Re: It's in its infancy, but it will improve
>The knuckle-dragging Luddites always get in a froth when new technology is applied.
Seems an odd insult to lob at a tech audience, but whatever.
>* You have a personal tracing device in your pocket RIGHT NOW (your phone).
Actually it's on my desk ;) And I have as much of the tracking stuff as I can turned off most of the time
>* You have listening devices in your home RIGHT NOW (Smart TV, digital assistant, games console...)
Nope. The TV is dumb, I have a phobia about digital assistants, and I don't use or enable voice on my consoles
>* You have behaviour monitoring devices RIGHT NOW (activity tracker, internet connect fridge, home automation...)
My activity trackers are tracking the activity of the drawers they're languishing in. My fridge cannot connect to the internet (unless it's gained sentience and can now walk to a computer). I do have "smart" bulbs (not my idea) - which will tell anyone tracking that we turn the lights on when it gets dark and turn them off around the same point every night.
>* You are using facial recognition RIGHT NOW (Facebook, Windows, Apple...)
I have facial recognition on my Windows tablet. Which actually only seems to recognise one pair of glasses and not my actual face. Or any of my other glasses.
>* You are happy to be tracked RIGHT NOW (advertising)
My ad blocker etc usage would suggest otherwise.
My tracking bingo card tells me you forgot to mention travel cards such as Oyster, bank cards, loyalty cards and online shopping.

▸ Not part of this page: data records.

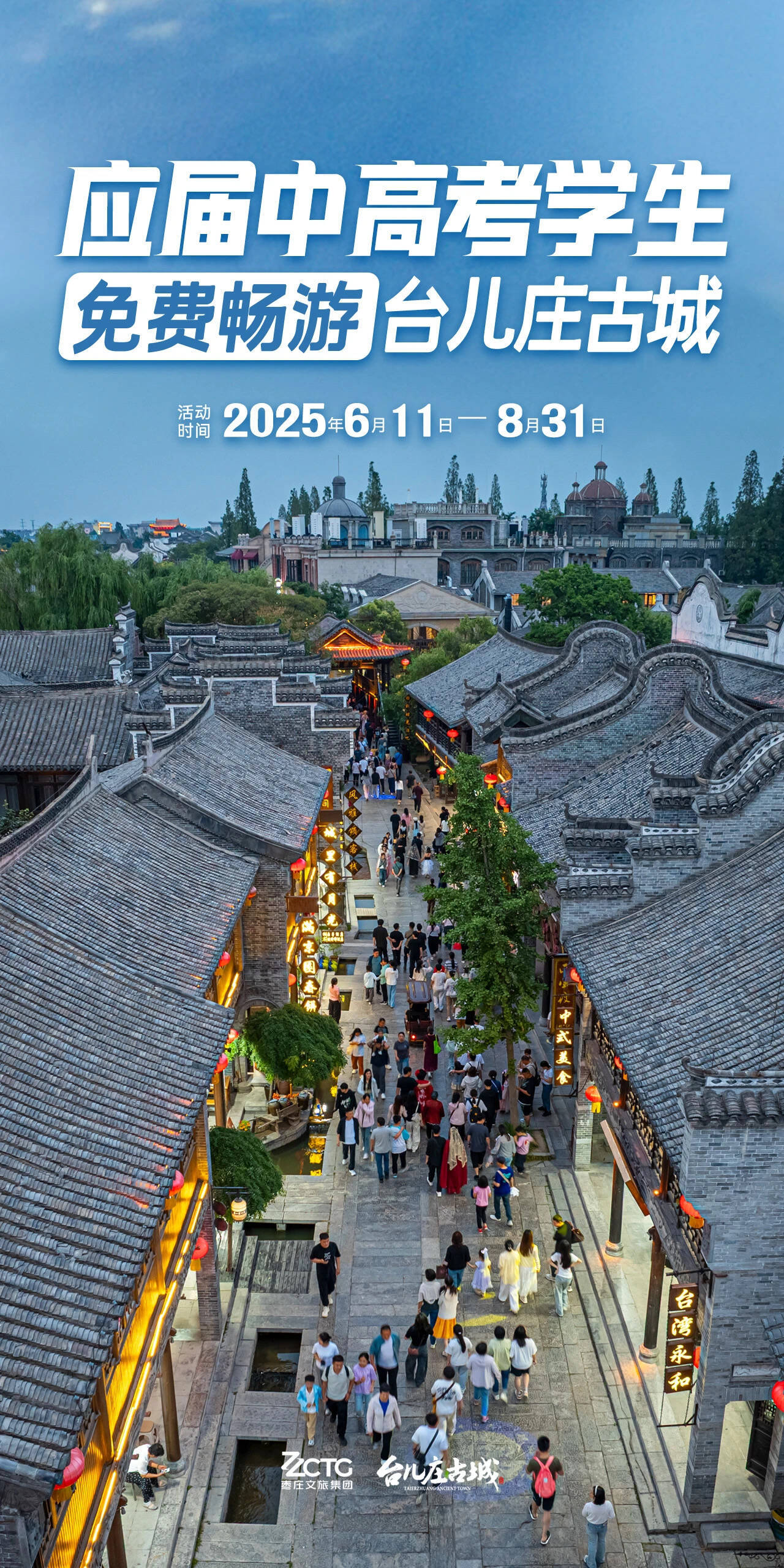 台儿庄古城景区面向全国中高考学生实行门票免费政策,免费人群:2025年全国应届中高考学生(包含普通中高考学生、春季高考学生)。免票时间:2025年6月11日—2025年8月31日。活动景区:台儿庄古城景区、台儿庄运河湿地公园、台儿庄双龙湖观鸟园。入园流程:各景区实行实名制预约,请在购票渠道预约“2025年中高考生免费票”,预约成功后,凭本人准考证原件和身份证原件检票入园。
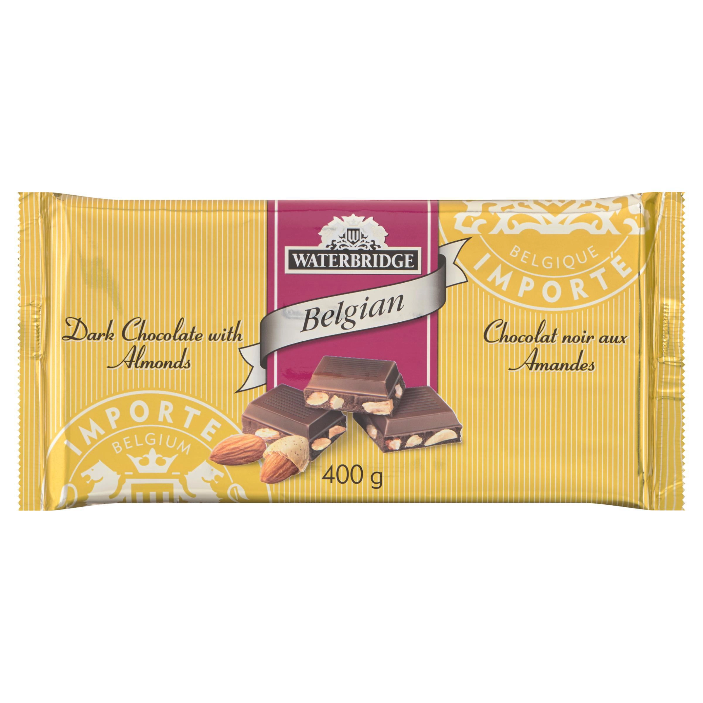 Indulge in the decadent taste of Waterbridge Dark Chocolate with Almonds Bar. Made with rich cocoa mass, sugar, almonds, and cocoa butter, this 400g bar is a delightful treat for chocolate lovers. The combination of dark chocolate and crunchy almonds creates a perfect balance of flavors and textures.
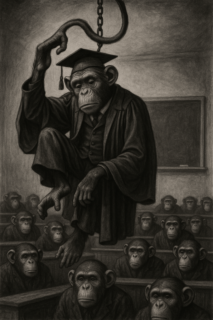Con queste parole il professor Cornelius salutò gli studenti con il gesto rituale di grattarsi la testa con il pollice opponibile del piede ed aggrappandosi al trapezio con la coda prensile.
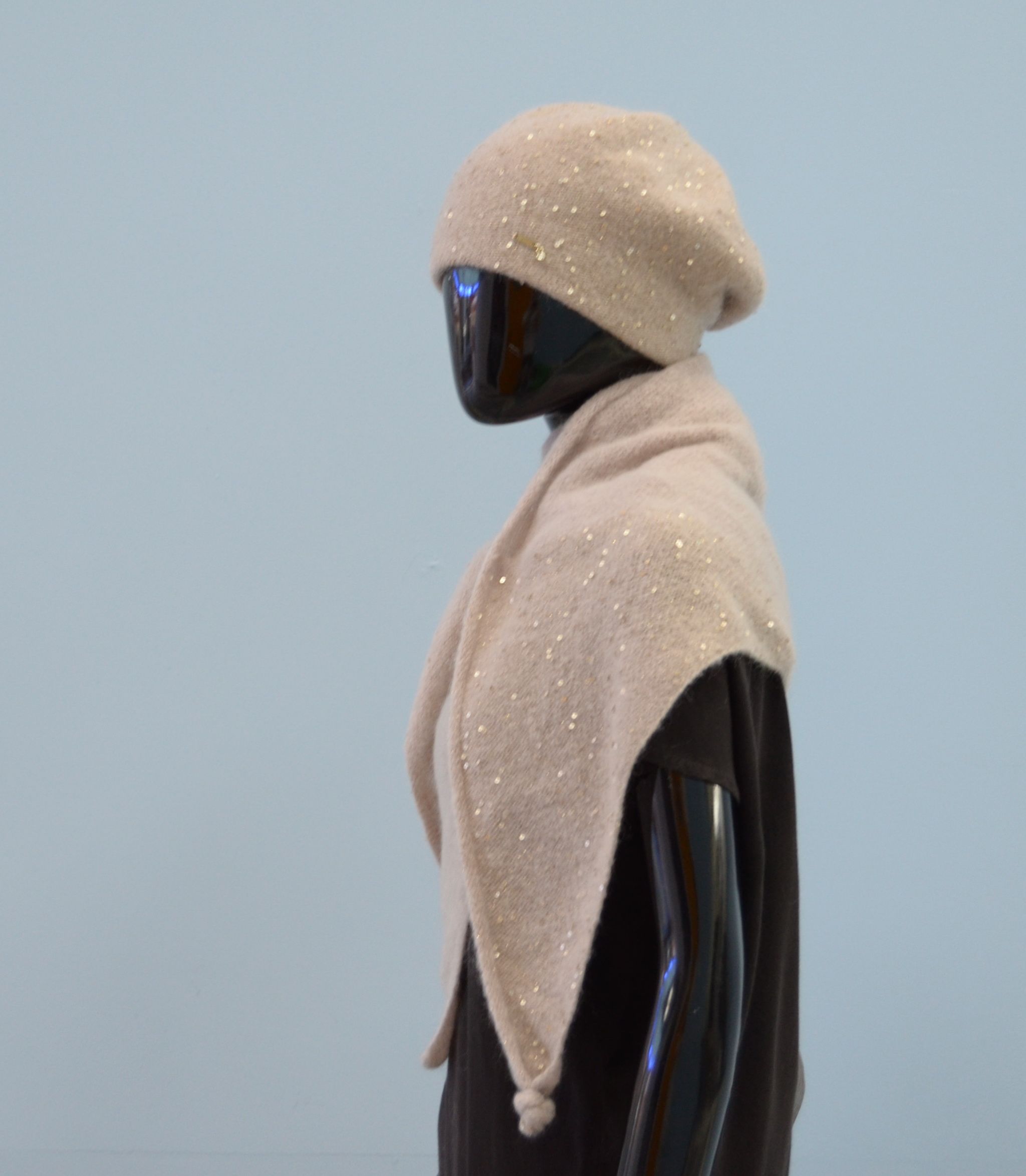 Состав берета: мохер 35 %, полиамид 25 %, шерсть 32 %, пайетки, полиэстер 6 %, эластан 2 %
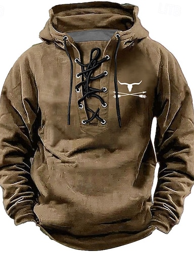 Herren Cowboy Kapuzensweatshirt Pullover Stilvoll Ethnisch Vintage-Retro Langarm Mit Kapuze Streetwear Blau Schwarz Braun Armeegrün Kordelzug Herbst Winter Designer S M L XL XXL XXXL
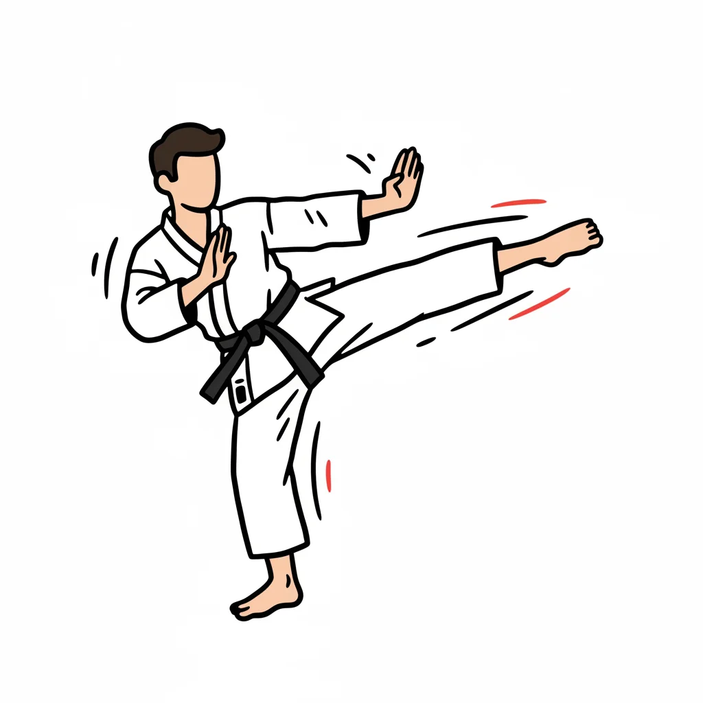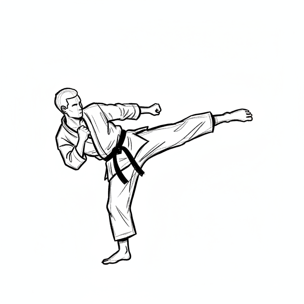 Schwarz-weiß-Illustration eines Kampfsportlers im Gi mit schwarzem Gürtel, der einen Tritt ausführt.
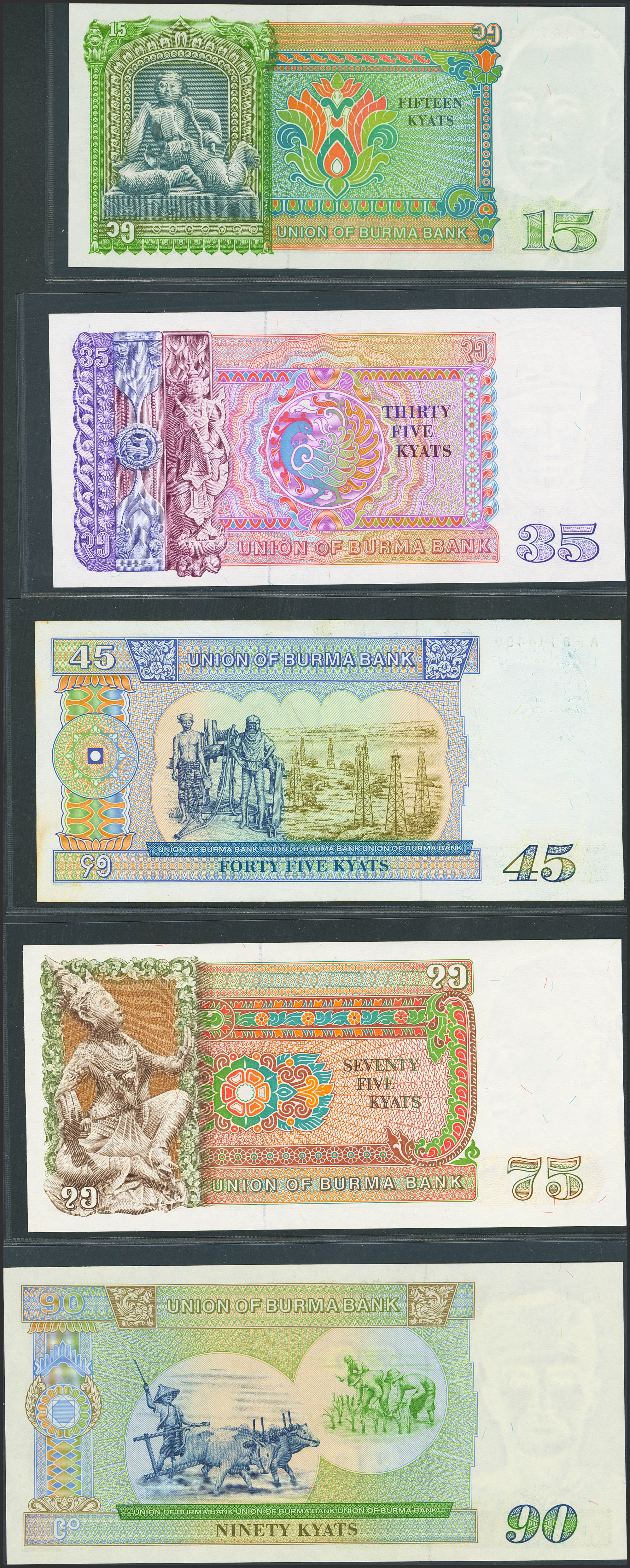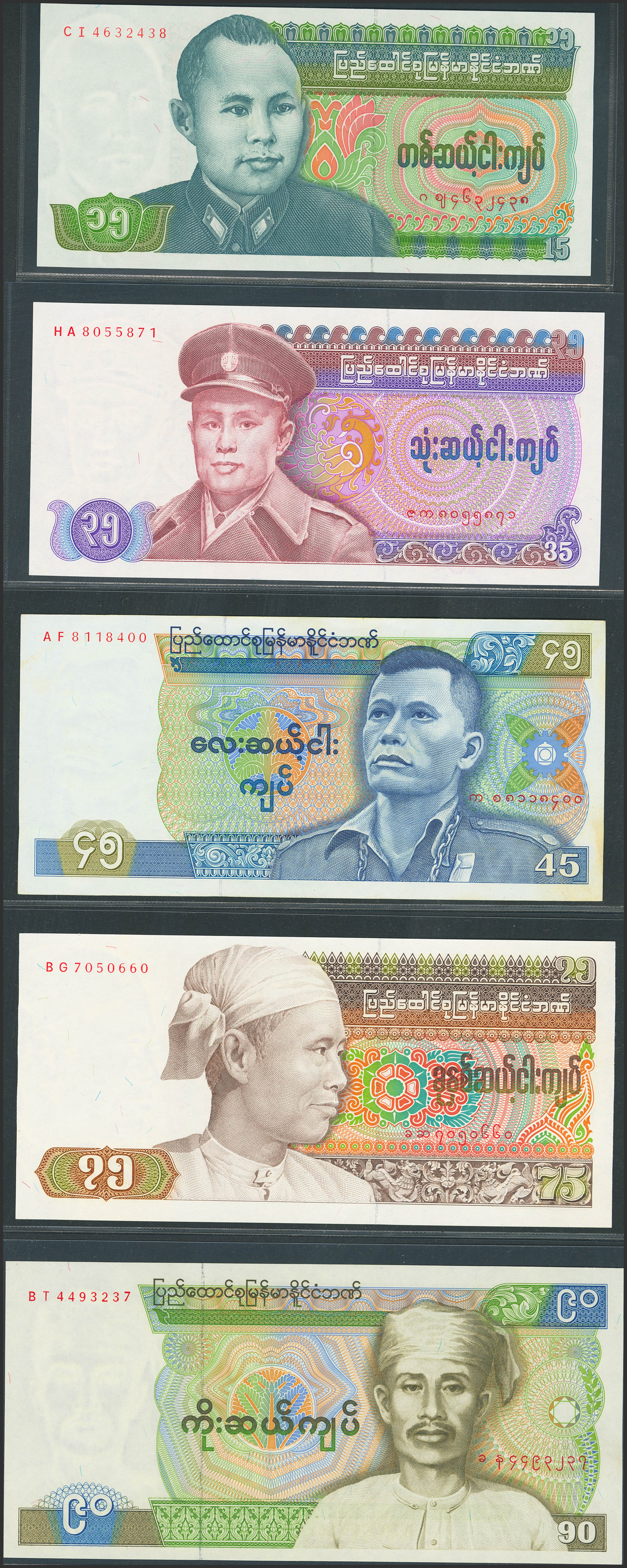 BURMA. Complete Set from 15 at 90 Kyats. (1986ca). Union of Burma Bank. (Pick: 62, 63, 64, 65, 66). Uncirculated.
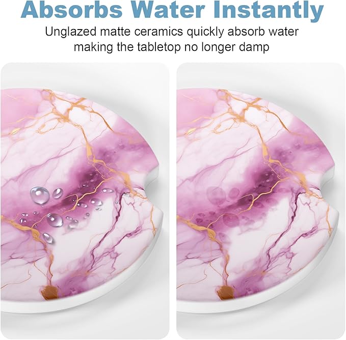 - 【Pragmatic Absorbent Coasters】Our products are not only stylish, but also have strong water absorption. Using unique technology, they have excellent water absorption. Ceramic car coasters are more absorbent than other coasters made of all-softwood, leather, cardboard, and rubber. Don't worry about cold drinks condensing and staining your car. Keep your car dry and clean.
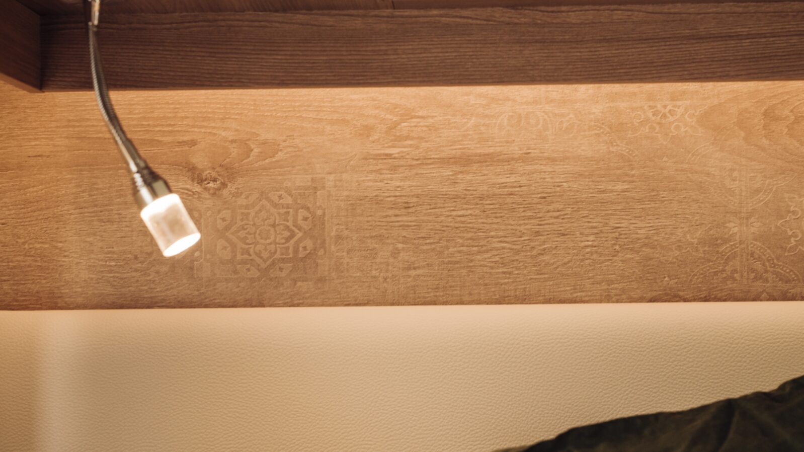 Et topp materialvalg skaper et perfekt samspill mellom tekstiler og treelementer i alle bobil-interiørene.
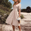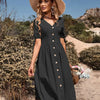 Erweitern Sie Ihre Sommergarderobe mit diesem Kleid – einer perfekten Mischung aus Komfort und zeitlosem Stil. Das Kleid aus atmungsaktiver Baumwolle besticht durch seinen schmeichelnden V-Ausschnitt und die entspannte Passform und eignet sich ideal für legere Ausflüge und halbformelle Anlässe.

>If you are happy with all of those (and it seems you are given the up-take), then why are you getting >your gusset in such a twist of over the Met applying technology to public safety? Oh whoops, it's a >false positive. Big deal. 30 seconds out of your day to provide ID and carry on.
I don't live in a country where carrying ID is mandatory, and as I have no need to carry it on a regular basis I don't.
>If anything it will IMPROVE matters massively for those affected by the racist stop-and-search >policies as the AI system won't have the inherent biases of the prejudicial police officers.
Hahahahanope. As others have mentioned it has difficulties telling darker skinned faces apart(*) , and add to that the biases of those who will be training it, then it's really not going to make things better.
>The technology still needs to advance, but once it have it will be a MASSIVE BOON to society by >helping us to identify risk individuals before they have would have become known by traditional >means.
We've had incidents where people have been deemed to be at risk of causing violence by those closest to them, who have reported those people to the authorities, who've not taken action. This is people being reported by those who know them well, and who are in a good position to judge change in character, behaviours etc. What on earth makes you think facial recognition will improve this? How does "this face looks vaguely like this other face" improve on "this person has become more extreme in their views and I have reason to believe they will carry out their threats of violence"?
>More importantly, it will help prevent the police from wasting their time and innocent people
>who happen to be "the wrong colour".
Only if it improves enough to be able to detect differences in all skin tones equally. Only if accuracy improves so police aren't wasting their time chasing down people who look a bit like someone else. Only if you think the police fail to apprehend the "correct" people because they're wasting time chasing after innocent people. Only if you thing human biases won't affect how human police officers interpret the results of the AI.
>Get your heads out of your collective bum.
I think it's you has your head in yours.